As Maliki spoke of the difficulty of navigating Iraqi politics, he mentioned Abd al-Karim Qasim, the Iraqi general who, in 1958, helped overthrow the British-backed monarchy of Faisal II and execute the members of the royal family. After seizing power, Qasim implemented progressive land reforms and an expansion of women’s rights. Maliki admired Qasim’s programs, and especially the skills he deployed to stay in power. “Qasim was masterful at the double and triple cross,” Crocker said, recalling his conversation with Maliki. “He’d back one faction against another, and when the dirty work was done he’d turn on the faction he had backed so they didn’t get too powerful.
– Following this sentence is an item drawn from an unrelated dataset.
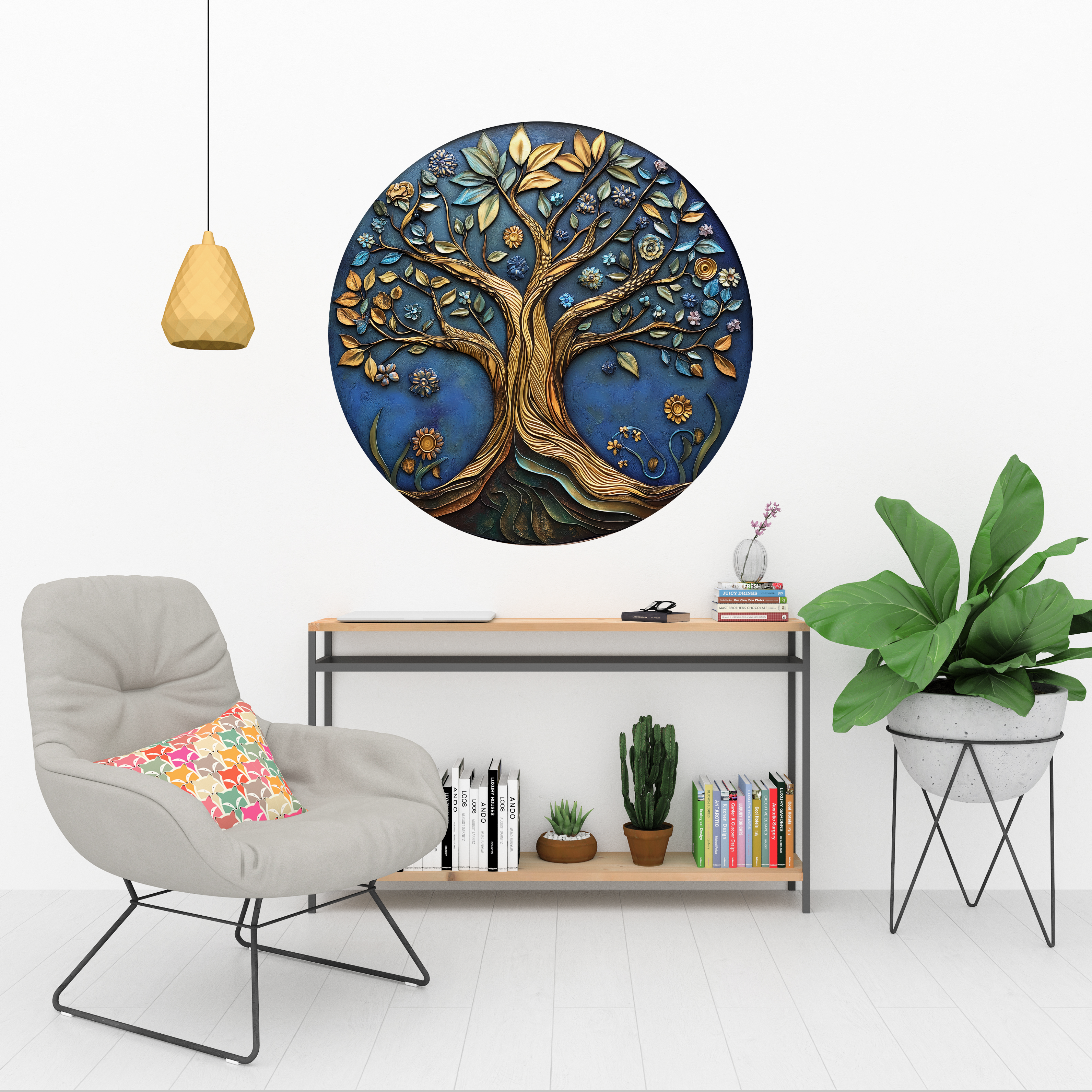 Hayat Ağacı Doğa Yuvarlak Sticker, Yuvarlak Şekilli Sticker, Renkli Yapraklar ve Çiçekler Duvar Dekoru

Intimidate, pressure, bribe, cajole, and then reverse course.” But Qasim’s example went only so far; in 1963, he was overthrown and executed by the Baathists. To avoid the same fate, Maliki told Crocker, “I have to keep dancing all the time.”

From the beginning, Maliki was fixated on conspiracies being hatched against him—by his Iraqi rivals, by the Baathists he imagined were still in the Iraqi Army, even by the Americans. A former American diplomat described it as “Nixonian paranoia,” adding, “We had a hundred and fifty thousand troops in the country, and he was obsessed that a few dozen former Baathists were going to try to overthrow him.” The longtime associate told me that Maliki’s basic assumption was “everyone is plotting against us.” But, he argued, fanatical caution had served him well. “His secret? He is a very intelligent tactician—all politics is short term. He doesn’t have any vision for the state.”

No matter how much Maliki admired political cunning, his first years as Prime Minister were marked by impotence and indecision. Some people who worked closely with him were convinced that he got the job because he was unlikely to demand his own way. Emma Sky, a civilian adviser to the American military, explained the reasoning: “If we put a nobody in power, he’s no threat to anybody.”